How does a LLM work?
Published on Nov 11, 2025 in LLM from scratch
We will implement a model that is compatible with GPT-2. But before that, here are some explanations to understand how it works.
A generative LLM is simply a neural network that takes tokens as input (the number of inputs corresponds to the context size of the model). The network has as much outputs as the size of the vocabulary (the number of different possible tokens). The values indicate the probability for each of the tokens to be next one. The raw output (logits) is a vector of values ranging from -∞ to +∞. The softmax function allows us to turn this into probabilities. In between, there are a number of layers. We will detail how they work in this article.
Here’s what it looks like:

B̶̠̲̟̭̰͗̊̚͝ȇ̷̻̜̖͑̆̅̌̊ ̸̑̒̋͂͜n̵̦̮̼̞̲̘̅̋o̸̜̘͒̓t̴̫͒ ̶̹͉͋̀͊͘ȧ̴̠f̶̮͇͎͂̏̈̾ȑ̶͔̣̦̪a̸̭͎̓̈ḯ̵̬̙̱̫̤̾̽̈́͜d̴͉͓͇̠͒̄̊̌̈́. It's simpler than it sounds.
Note: You’re probably used seeing the diagram from the paper ”Attention is all you need” (Vaswani et al. 2017) which represents a encoder + decoder transformer. Here I represent the GPT-2 architecture described in the paper ”Language Models are Unsupervised Multitask Learners” (Radford et al. 2019) which is a decoder only (generative) transformer.
Prompt
We start with a text that we will place in the input of the model to generate the next token:
Hello, I’m a language model,
Tokenization (text to integers)
The text is then transformed into a series of tokens.
| Hello | , | ␣I | ‘m | ␣a | ␣language | ␣model | , |
|---|---|---|---|---|---|---|---|
| 15496 | 11 | 314 | 1101 | 257 | 3303 | 2746 | 11 |
To achieve this transformation, a tokenizer is used. This example corresponds to the true values of the GPT-2 tokenizer. I won’t detail the creation of the tokenizer in this article to focus on how the neural network works.
Token Embeddings (integers to real vectors)
Then we project the token ids into the embedding space.
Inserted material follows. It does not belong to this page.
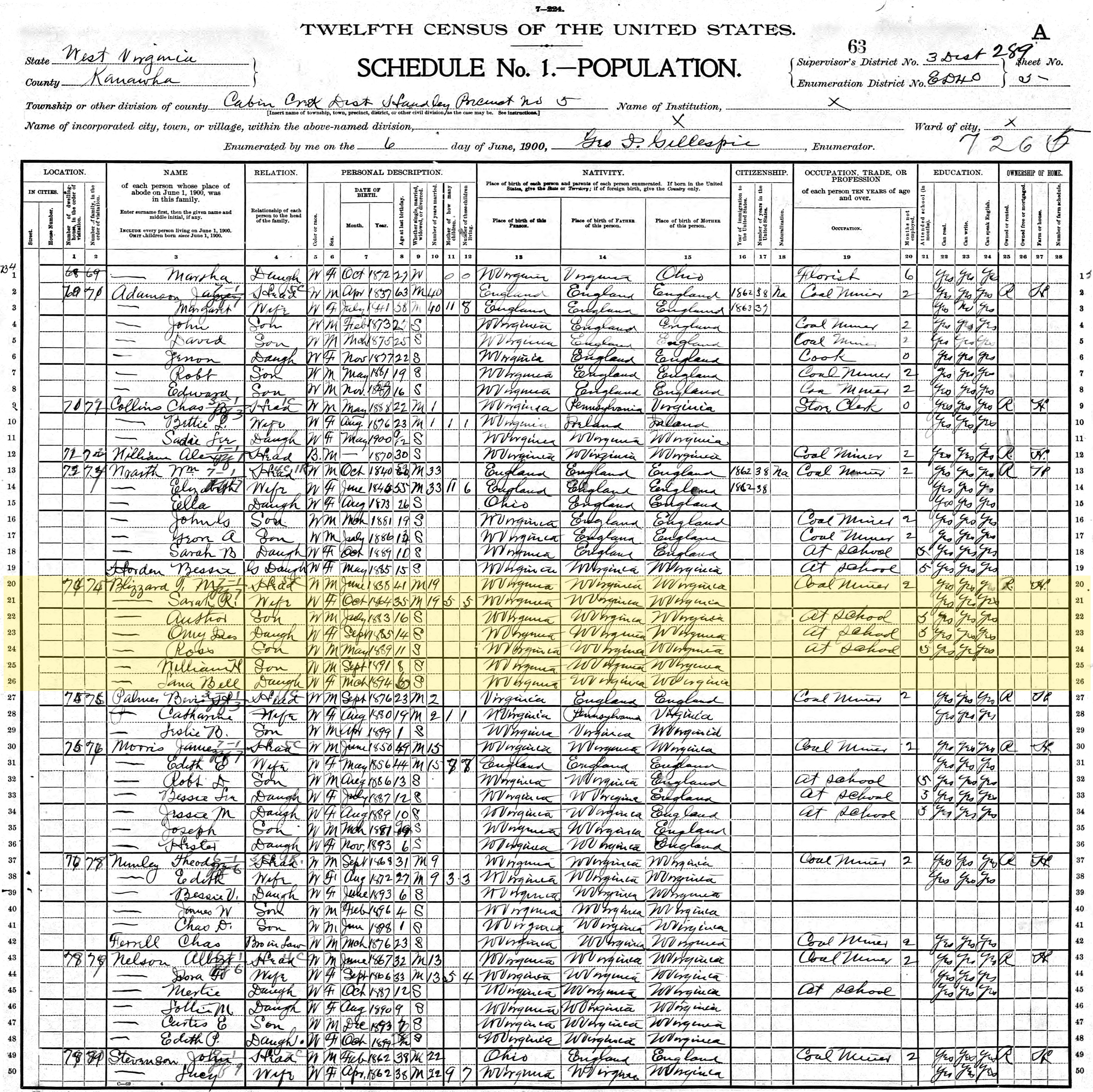 1900 United States Federal Census - Omy Ines Blizzard

| 15496 | 11 | 314 | 1101 | 257 | 3303 | 2746 | 11 |
|---|---|---|---|---|---|---|---|
| 0.12 | -0.05 | 0.33 | -0.21 | 0.07 | 0.61 | -0.30 | 0.00 |
| -0.34 | 0.22 | 0.14 | 0.45 | -0.18 | -0.09 | 0.02 | -0.07 |
| 0.56 | -0.13 | -0.27 | 0.02 | 0.39 | 0.18 | 0.47 | 0.09 |
| 0.03 | 0.40 | 0.58 | -0.30 | 0.21 | -0.42 | 0.11 | -0.15 |
| -0.11 | 0.01 | -0.04 | 0.66 | -0.50 | 0.25 | -0.22 | 0.20 |
| 0.89 | -0.29 | 0.10 | -0.08 | 0.04 | 0.33 | 0.55 | -0.02 |
To achieve this transformation, an embedding Pytorch module is used. It is simply a trainable dictionary. The size of embeddings is 6 so that the example remains understandable. In the GPT-2 model that we are going to implement, the size of the embeddings will be 1024. From now, unlike the previous step, I’ll use random values just for the example. These values depend on the training, and I have not trained a real model with an embeddings size of 6.
Position Embeddings
For each token position, its position vector is retrieved. The size of the vectors is the same as for the tokens embeddings.
| pos0 | pos1 | pos2 | pos3 | pos4 | pos5 | pos6 | pos7 |
|---|---|---|---|---|---|---|---|
| 0.05 | -0.02 | 0.10 | -0.07 | 0.03 | 0.06 | -0.04 | 0.01 |
| -0.01 | 0.08 | -0.05 | 0.12 | -0.09 | 0.02 | 0.07 | -0.03 |
| 0.14 | -0.06 | 0.04 | 0.09 | -0.02 | -0.08 | 0.11 | 0.00 |
| -0.07 | 0.03 | 0.13 | -0.10 | 0.05 | 0.01 | -0.02 | 0.08 |
| 0.02 | -0.04 | 0.06 | 0.00 | 0.09 | -0.05 | 0.03 | -0.01 |
| 0.09 | 0.01 | -0.08 | 0.04 | -0.03 | 0.10 | -0.06 | 0.02 |
Here, an embedding Pytorch module is also used for this.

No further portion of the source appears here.